Lincoln at the Bardo,
by George Saunders
It pains me to write this because Saunders has been one of
my favorites since I read his first story colleciotion, Civilwarland. The whole construct of Bardo –
souls speaking from dead to console Lincoln on the death of his son - seems to
me an idea that was poorly framed and never worked out. Great that he won the 2017
Man Booker Prize, but as so often happens: right guy, wrong book.
Memoirs of Hadrian, by Margauerite Yourcenar – 1951
If
you want to know the facts about the life of Hadrian why not read a nonfiction,
scholarly work? If you want a great novel on historical themes, however, you
probably should find something that focuses on a moment or period of crisis or
a fraught relationship.
Six Four by Hideo Yokoyama
About
90 percent of the narrative concerns the internecine battle for control w/in a
Japanese regional police department. For a non-Japanese reader, and maybe even
for a Japanese reader, it’s almost impossible to follow the thread of this
narrative and ultimately - do we really care which faction wins? A glowing
page-one review this year in the New York Times Book Review steered me wrong;
couldn’t finish it.
The Sleepwalkers, by Hermann Broch - 1930
This
three-volume novel may have been important in its day, but claims that Broch is
in the same class as Mann, Musil, or even Doblin are in my view overstatements.

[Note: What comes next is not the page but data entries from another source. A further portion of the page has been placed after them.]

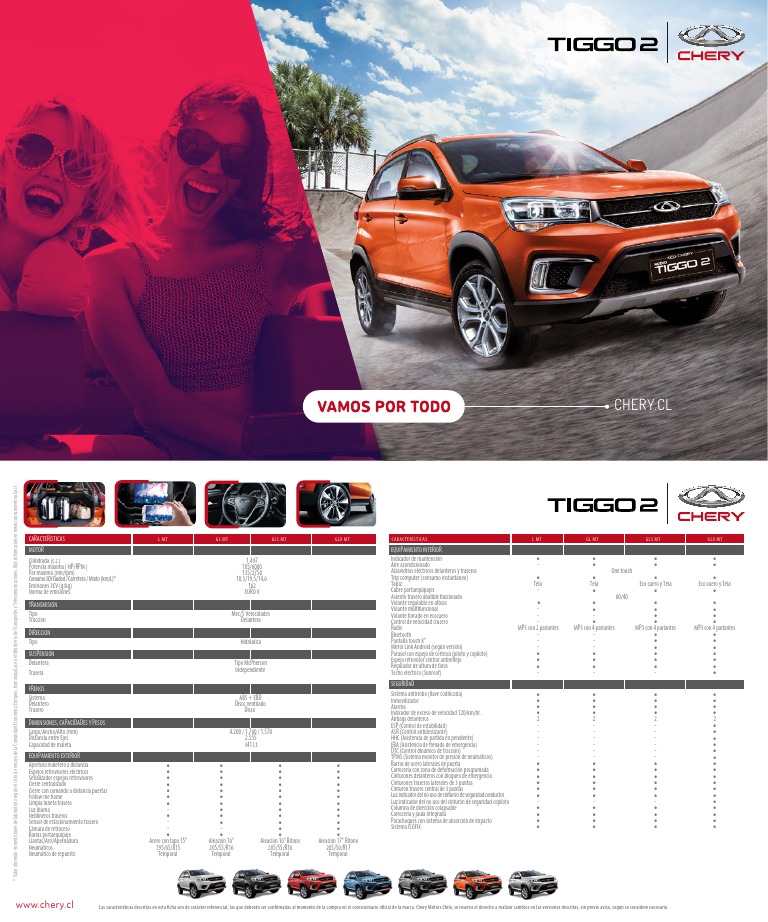 www.chery.cl Las características descritas en esta ficha son de carácter referencial, las que deberán ser confirmadas al momento de la compra en el concesionario oficial de la marca. Chery Motors Chile, se reserva el derecho a realizar cambios en las versiones descritas, sin previo aviso, según se considere necesario.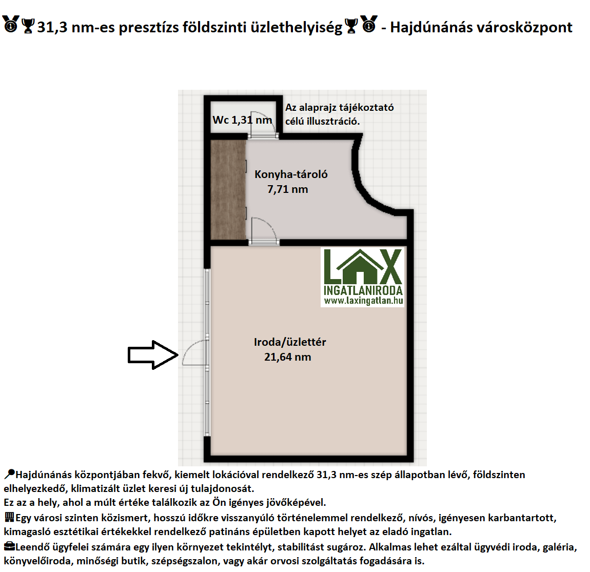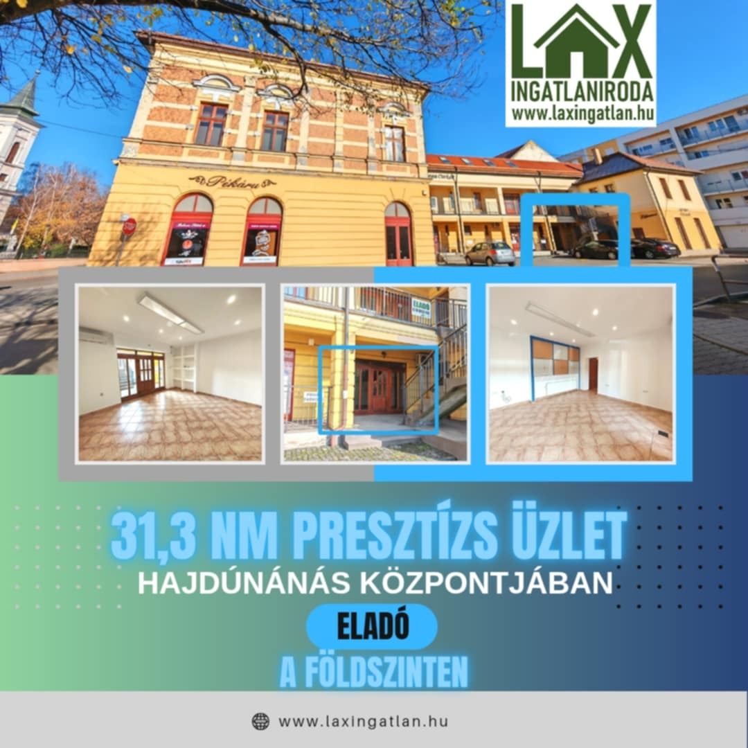 31,3 nm-es presztízs FÖLDSZINTI üzlethelyiség - Hajdúnánás városközpont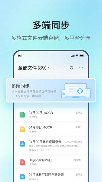 讯飞极智是一款专为科大讯飞录音笔设计的手机软件,功能强大又方便。它能快速将会议录音上传到云端,还能通过蓝牙连接录音笔,让用户随时随地录音、编辑和转文本,特别适合需要高效处理音频内容的人。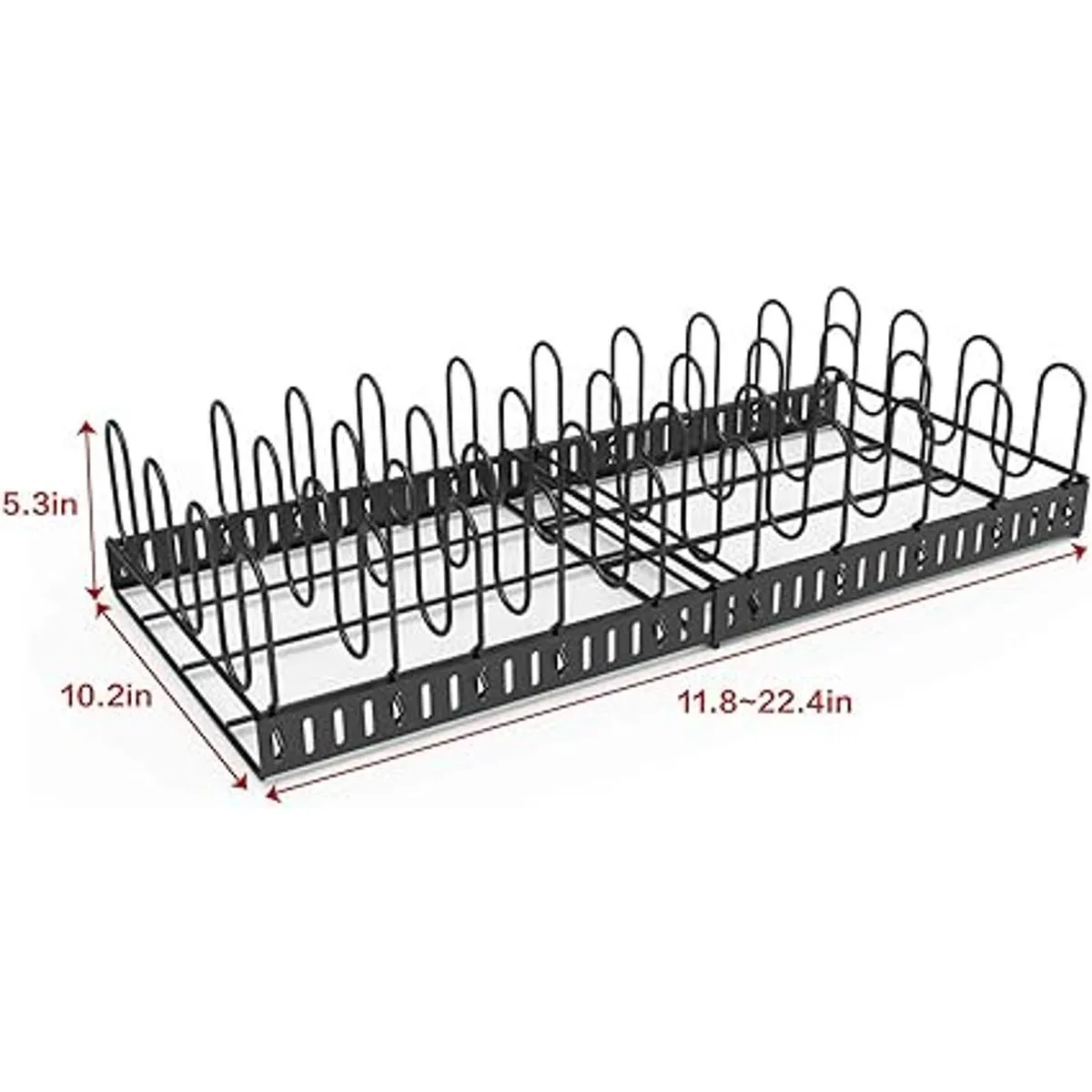 Organizador de tapa de recipiente de alimentos expandible, ajustable de gran capacidad, 10 divisores, organizador de tapa desmontable para armarios, armarios, estantes de despensa, cajones para mantener la cocina ordenada, negro patente pendiente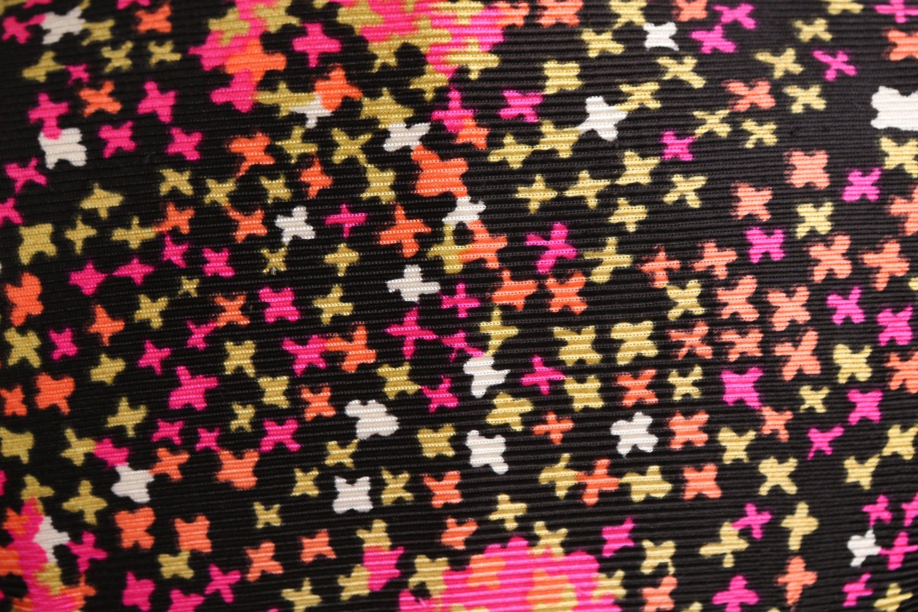 70's Back Poly Slip Dress with Waist Adjusting Strap Belt - Geometric Long Sleeve Top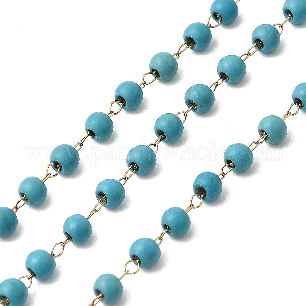 Бусины из синтетической бирюзы ручной работы и 316 цепочки из круглого звена из нержавеющей стали, пайки, с катушкой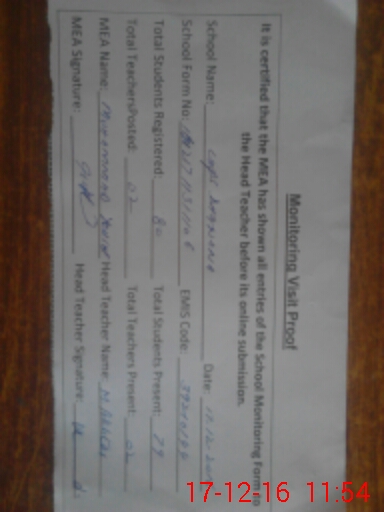 | Certified that this School was Inspected by the Undersigned MEA/DMO Today and the Information Stated Above is as Per Record. | |||||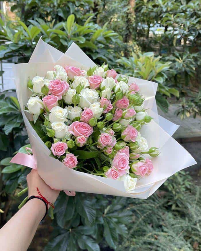 - 15 веточек кустовых роз нежных оттенков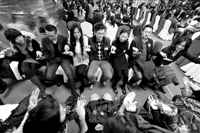 男女光棍围成一圈做抓手指游戏,快速结识身旁的异性朋友。记者张斌摄
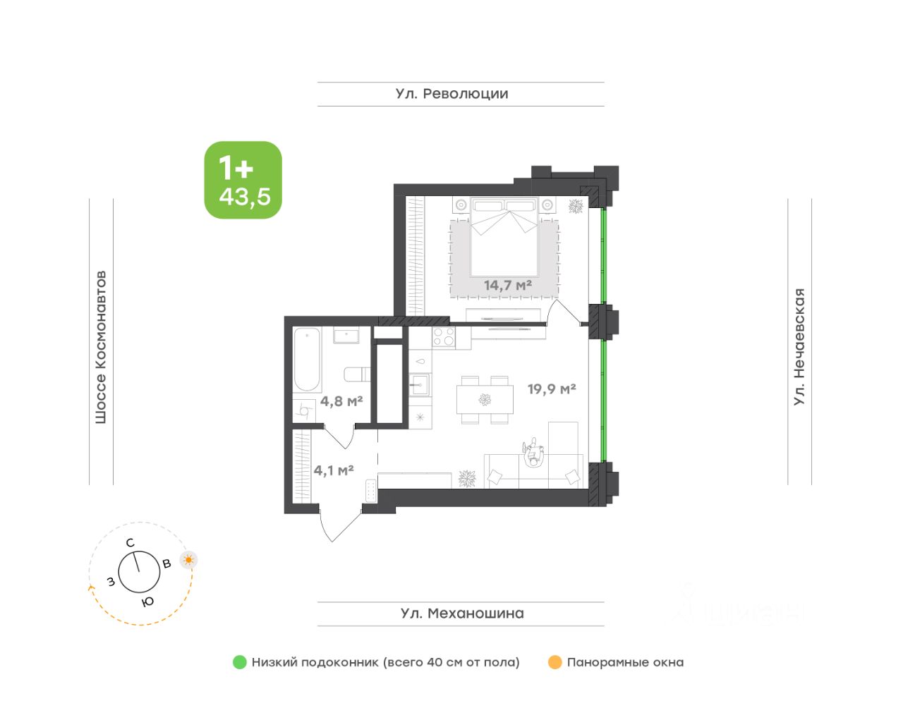 43,5 м²

Read volume one and half of volume 2 – then quit.
Testing the Current, by William McPherson - 1984
McPherson,
who died in 2017, had a prodigious memory and summoned up the events of a year
in his childhood (this is a personal narrative thinly disguised as a
third-person narrative work of fiction), so the first chapter or so of the
novel seemed promising as he introduces some eccentric characters and establishes
a sense of time (the 1930s) and place (a well-to-do Midwest Protestant summer
colony replete with all of the racial and anti-Semitic prejudices of the day).
But as we proceed through the novel it becomes increasingly apparent that ...
nothing happens! Another NYRB reprint, but not one of their better decisions.